Input data START

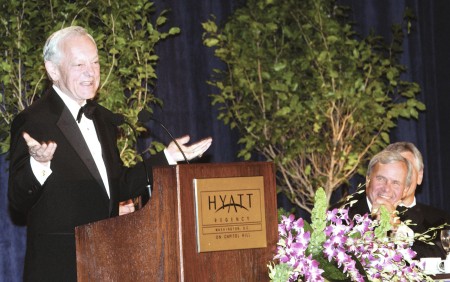 | A Well Done Roast A "Who's Who" of journalists that included CBS's Bob Schieffer and Bill Plante, NBC'sAndrea Mitchell and Tim Russert, Time magazine's Margaret Carlson, CNN's Mark Shieldsand Wolf Blitzer, and humorist Art Buchwald came out for the grilling of Tom Brokaw at theCapitol Hill Hyatt Regency on October 2. The annual event features prominent Washingtonpoliticians roasting members of the press. Brokaw's good-natured grillers included SenateMajority Leader Tom Daschle, Sen. George Allen, Rep. Nancy Pelosi, Art Buchwald andBob Schieffer. Proceeds will be used to aid in the prevention of Spina Bifida. |
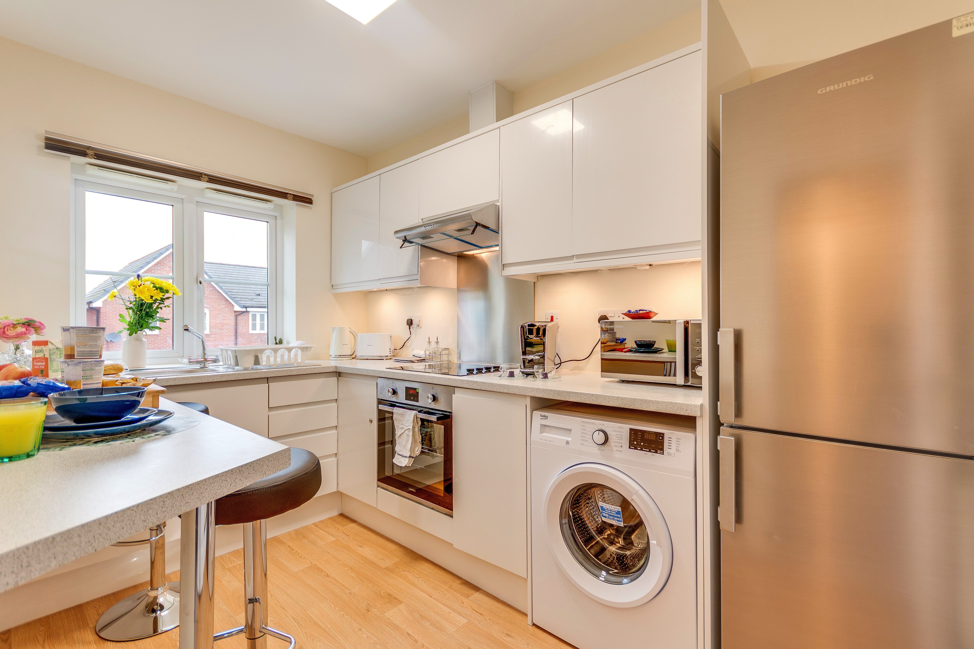 Kitchen amenities: double oven, fridge freezer, dishwasher, fully stocked with pots, pans, plates, cutlery.
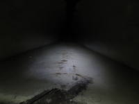 Фотоаппарат - Canon SX240 HS. Съёмка на ручных настройках. ISO 100, F4.0, выдержка 1"6. Фото сделал исключительно для сравнения, особо параметры не подбирал. Снимал в заброшенном подземном складе. Эдакий глухой тоннель. Ширина около 6 метров, высота около 4 метров. До дальней стены - метров 50-60.
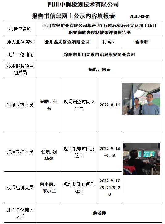 北川鑫宏礦業有限公司年產30萬噸石灰石開采及加工項目職業病危害控制效果評價報告書
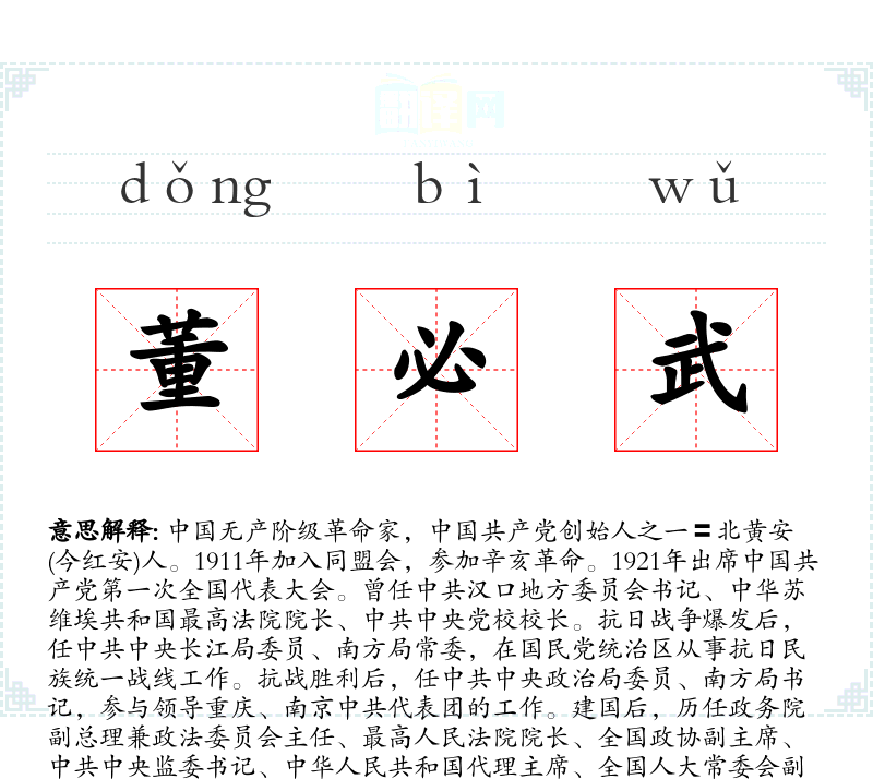 "董必武"的意思解释、董必武是什么意思由翻译网汉语词典查词提供。
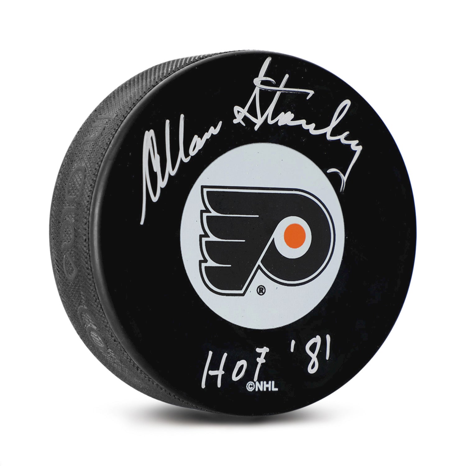 Allan Stanley Signed Philadelphia Flyers Hockey Puck with HOF Note
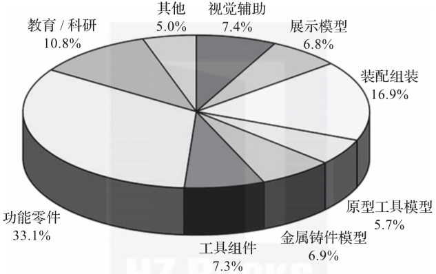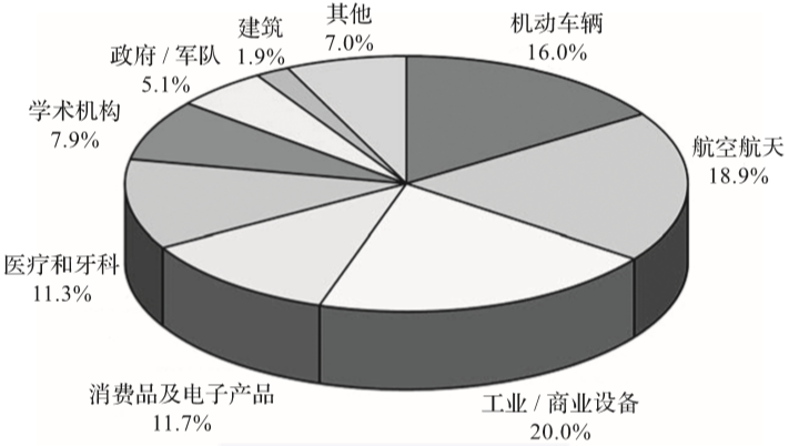 圖1-7 目前AM的應(yīng)用領(lǐng)域(由Wohlers Associates提供)
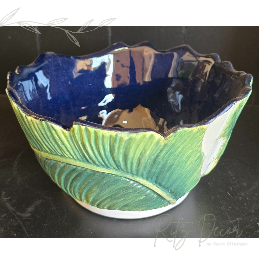 Descrição: bowl (centro de mesa pequeno) de Folha de Banana da Zanatta Casa, lembrando que todas as peças são confeccionadas e pintadas a mão.
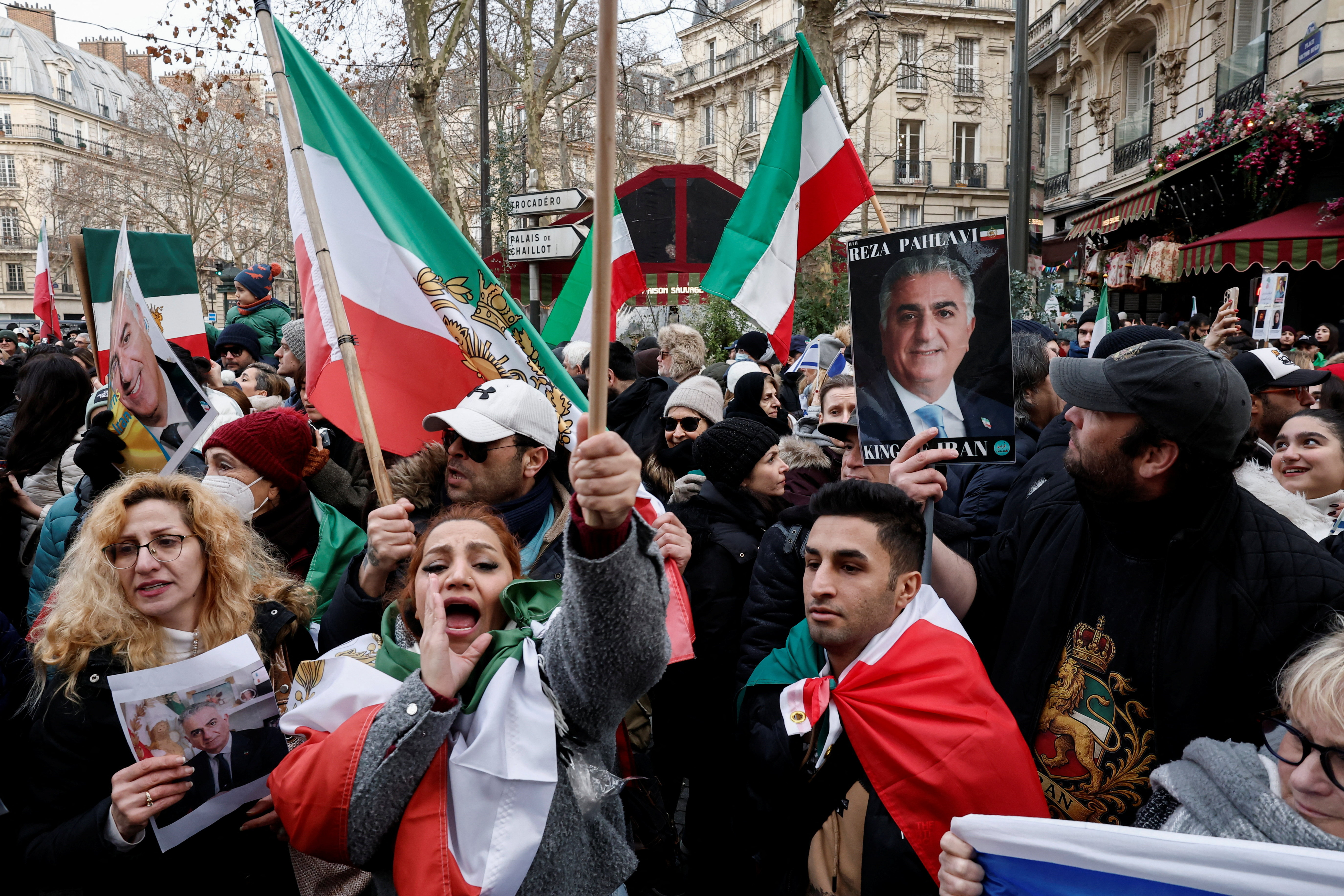 خلال الاضطرابات العنيفة على مدى الأسبوعين الماضيين أظهرت مقاطع مصورة في المدن الإيرانية بعض المحتجين وهم يهتفون تأييدا للنظام الملكي المعزول ونجل الشاه الراحل الذي شجع الاحتجاجات.
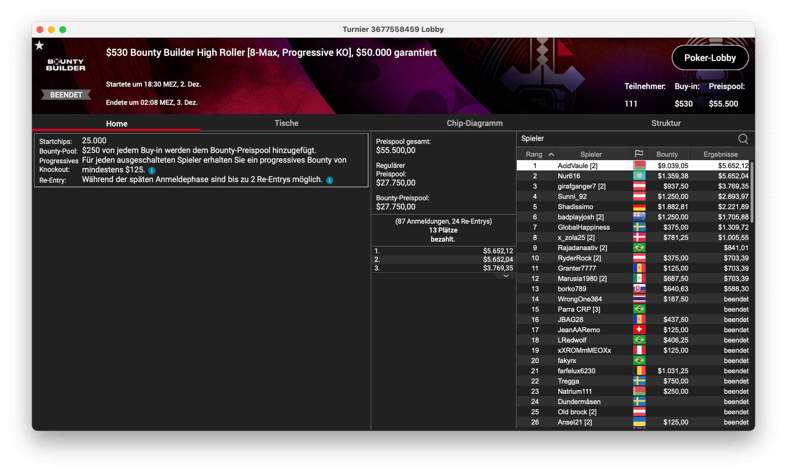 Das $530 Bounty Builder HR hatte 111 Entries und $55.500 Preispool, „AcidVaule“ holte sich den Sieg für $9.039 + $5.652. Bert „girafganger7“ Stevens wurde Dritter für $937 + $3.769.
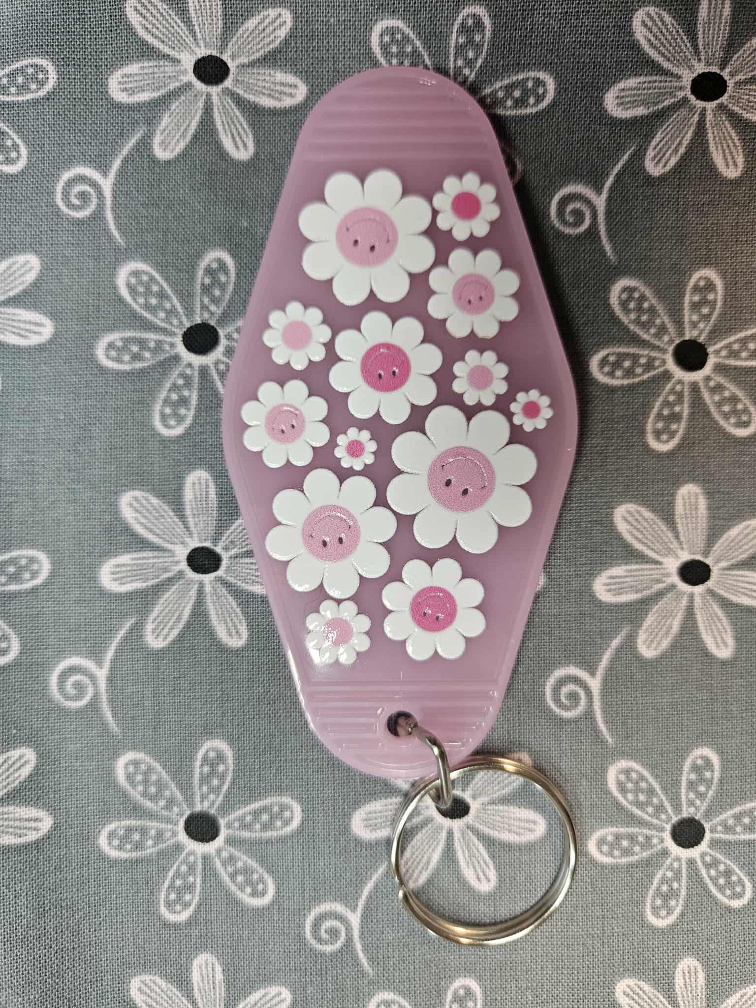 Retro Motel Keychain - Daisy Flower Smiley Faces Pink Acrylic

Input data END

» **Your task**
Provide an exact copy of the records, excluding every picture.

» **Output**
 | A Well Done Roast A "Who's Who" of journalists that included CBS's Bob Schieffer and Bill Plante, NBC'sAndrea Mitchell and Tim Russert, Time magazine's Margaret Carlson, CNN's Mark Shieldsand Wolf Blitzer, and humorist Art Buchwald came out for the grilling of Tom Brokaw at theCapitol Hill Hyatt Regency on October 2. The annual event features prominent Washingtonpoliticians roasting members of the press. Brokaw's good-natured grillers included SenateMajority Leader Tom Daschle, Sen. George Allen, Rep. Nancy Pelosi, Art Buchwald andBob Schieffer. Proceeds will be used to aid in the prevention of Spina Bifida. |
 Kitchen amenities: double oven, fridge freezer, dishwasher, fully stocked with pots, pans, plates, cutlery.
 Фотоаппарат - Canon SX240 HS. Съёмка на ручных настройках. ISO 100, F4.0, выдержка 1"6. Фото сделал исключительно для сравнения, особо параметры не подбирал. Снимал в заброшенном подземном складе. Эдакий глухой тоннель. Ширина около 6 метров, высота около 4 метров. До дальней стены - метров 50-60.
 北川鑫宏礦業有限公司年產30萬噸石灰石開采及加工項目職業病危害控制效果評價報告書
 "董必武"的意思解释、董必武是什么意思由翻译网汉语词典查词提供。
 Allan Stanley Signed Philadelphia Flyers Hockey Puck with HOF Note
 圖1-7 目前AM的應(yīng)用領(lǐng)域(由Wohlers Associates提供)
 Descrição: bowl (centro de mesa pequeno) de Folha de Banana da Zanatta Casa, lembrando que todas as peças são confeccionadas e pintadas a mão.
 خلال الاضطرابات العنيفة على مدى الأسبوعين الماضيين أظهرت مقاطع مصورة في المدن الإيرانية بعض المحتجين وهم يهتفون تأييدا للنظام الملكي المعزول ونجل الشاه الراحل الذي شجع الاحتجاجات.
 Das $530 Bounty Builder HR hatte 111 Entries und $55.500 Preispool, „AcidVaule“ holte sich den Sieg für $9.039 + $5.652. Bert „girafganger7“ Stevens wurde Dritter für $937 + $3.769.
 Retro Motel Keychain - Daisy Flower Smiley Faces Pink Acrylic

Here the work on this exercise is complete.